Я отхлебнул гренадин. Натуральный продукт, не какие-нибудь помои. Не все так плохо на моем поприще…

— Чистая работа, — кивнул я. — А на бис что предполагается исполнить?

Мой изысканный собеседник даже будто испугался немного:

— Шутить изволите, мистер Равель? Мы говорим о вашей смерти. Здесь и сейчас, через несколько секунд!

Он почти кричал, наклонившись вперед; с губ летела слюна.

— Чему быть, того не миновать, — кивнул я, отпуская мягкую руку и поднимая свой стакан. — На пышных похоронах не настаиваю.

Теперь уже он схватил меня за руку; маленькая пухлая ручка оказалась сильнее, чем можно было ожидать.

— Речь идет о неизбежном — если не действовать немедленно!

— Ага… То самое будущее, продолжительное и достойное.

— Мистер Равель! Уходите немедленно!

Порывшись в кармане куртки, мой ангел-хранитель выудил карточку с адресом: Колвин-Корт, 356.
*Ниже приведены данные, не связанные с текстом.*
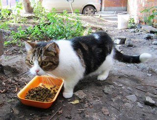 Фенотипичная британка или шотландка живет на улице и ищет себе хозяев, стерелизована ест сушку.
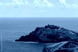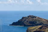 Coastal view of far end of Ponta de Sao Lourenco Madeira with lighthouse, revealing rugged rocky slopes meeting bright open ocean under clear sky
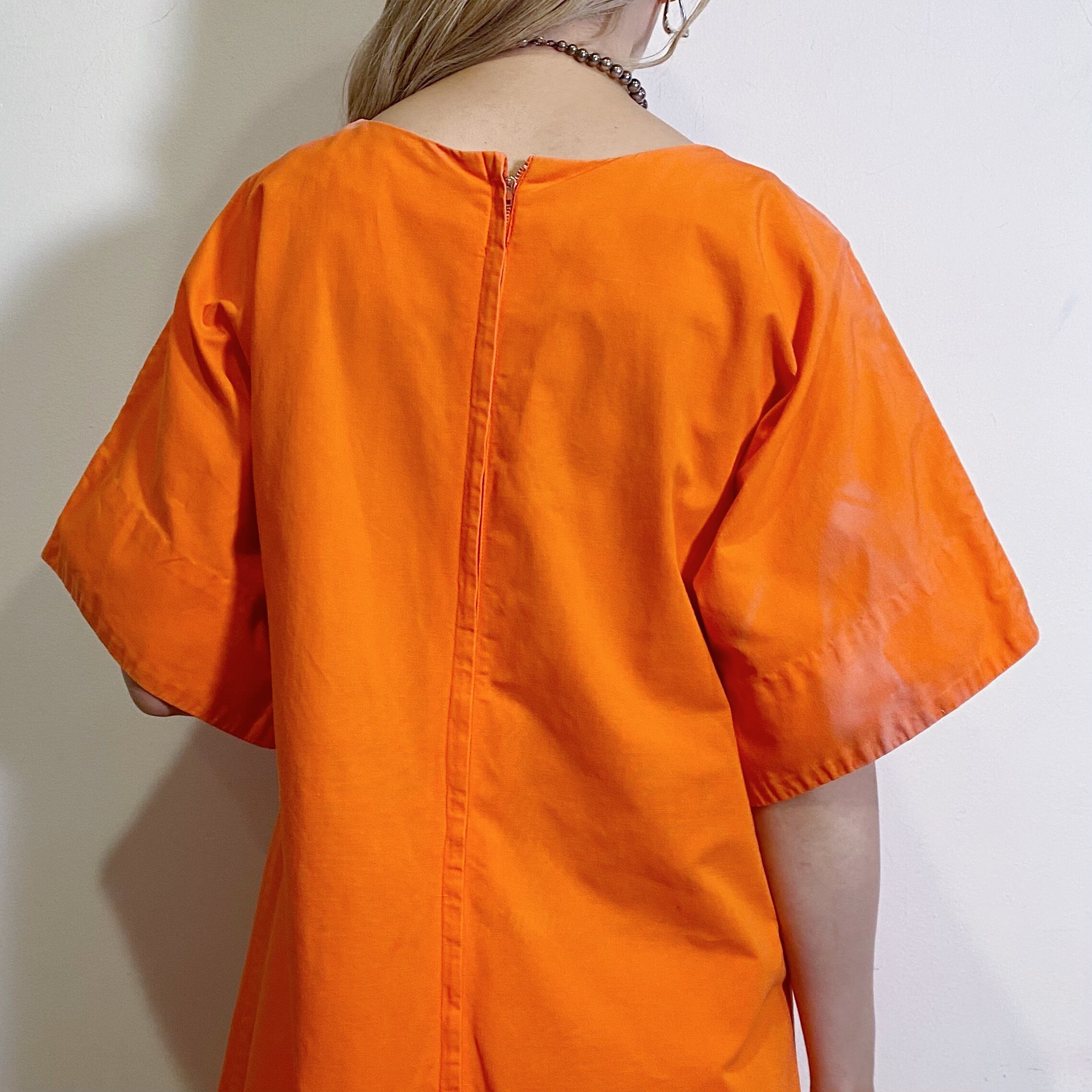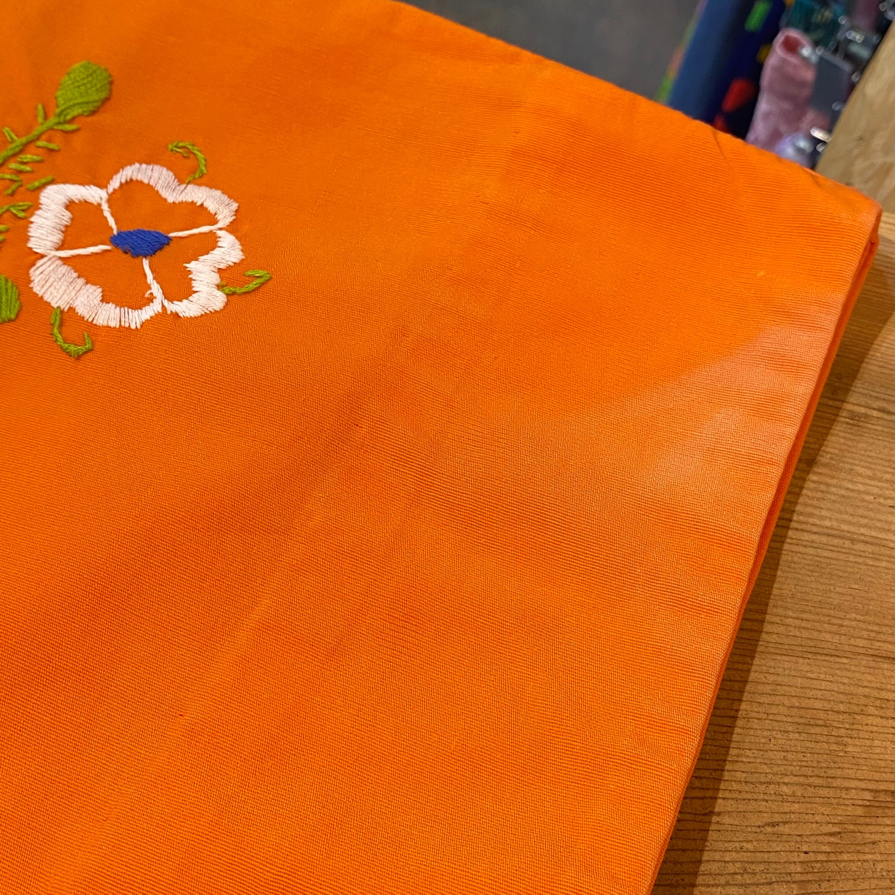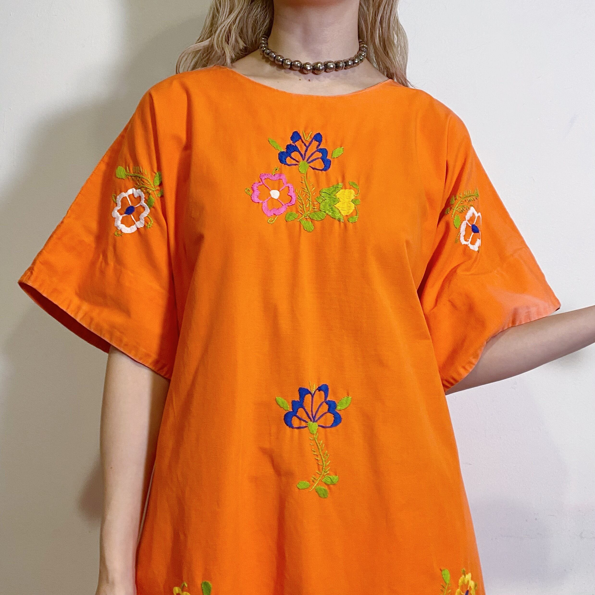 鮮やかなオレンジベースにカラフルなお花の刺繍が可愛い、60年代のワンピースです。

— Очень солидное старое здание, совсем недалеко. Снаружи деревянная лестница, прочная и надежная. Подниметесь на третий этаж — комната номер девять в конце коридора. Входите и ждите.

— С какой такой радости? — возмутился я, высвобождая рукав из цепких пальчиков собеседника.

— Чтобы не погибнуть!..

Сладкий голосок едва ли не дрожал. Похоже, ему не нравится. Что хорошо для его планов, то плохо для моего светлого будущего — по крайней мере, такое ощущение крепло с каждой минутой.
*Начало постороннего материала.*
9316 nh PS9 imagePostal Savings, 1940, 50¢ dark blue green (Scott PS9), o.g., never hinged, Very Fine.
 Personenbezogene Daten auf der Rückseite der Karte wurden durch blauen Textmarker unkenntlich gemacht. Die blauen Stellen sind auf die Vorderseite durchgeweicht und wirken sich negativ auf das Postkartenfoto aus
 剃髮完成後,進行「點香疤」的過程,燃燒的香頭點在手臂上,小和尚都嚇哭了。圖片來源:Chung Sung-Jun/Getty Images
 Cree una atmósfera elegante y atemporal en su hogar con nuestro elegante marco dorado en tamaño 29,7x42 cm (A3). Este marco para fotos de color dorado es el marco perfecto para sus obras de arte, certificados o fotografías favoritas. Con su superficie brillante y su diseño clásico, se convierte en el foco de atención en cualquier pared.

— Откуда ты узнал мое имя?

— Прошу вас! Время на исходе! Почему нельзя просто поверить?

— Во-первых, имя неправильное — я назвал его вчера торговцу Библиями. Выдумал, не сходя с места. Вы, случаем, не торгуете книжками, мистер Икс?

— Для вас это важнее собственной жизни?

— Ты, приятель, совсем запутался. Речь вовсе не о моей жизни, а о твоей.

Мой собеседник и вправду запутался; убедительное выражение лица расползлось в разные стороны. Он все еще пытался его собрать, когда дверь на улицу распахнулась и в баре появился некто в черном пальто с черным бархатным воротником, черной фетровой шляпе и с черной тростью в руке.

— Вот!.. — прошептал мой новый друг, будто порнографическую открытку показал. — Все как было сказано. Скорее, мистер Равель, пока он вас не видит…

— Не такой уж ты супермен. Он меня сначала заметил, а уж потом через порог переступил.

Сбросив надоедливую руку, я выбрался из кабинки. Человек в черном уже сидел на четвертом табурете у стойки, не глядя в мою сторону. Аккуратно пробравшись между столиками, я устроился слева от него.

Человек не обратил внимания, даже когда я ткнул его локтем в бок несколько грубее, чем полагается по правилам хорошего тона. Пистолета в кармане нет, я бы почувствовал. Черная трость удобно устроилась меж колен, серебряный набалдашник в дюйме от правой руки.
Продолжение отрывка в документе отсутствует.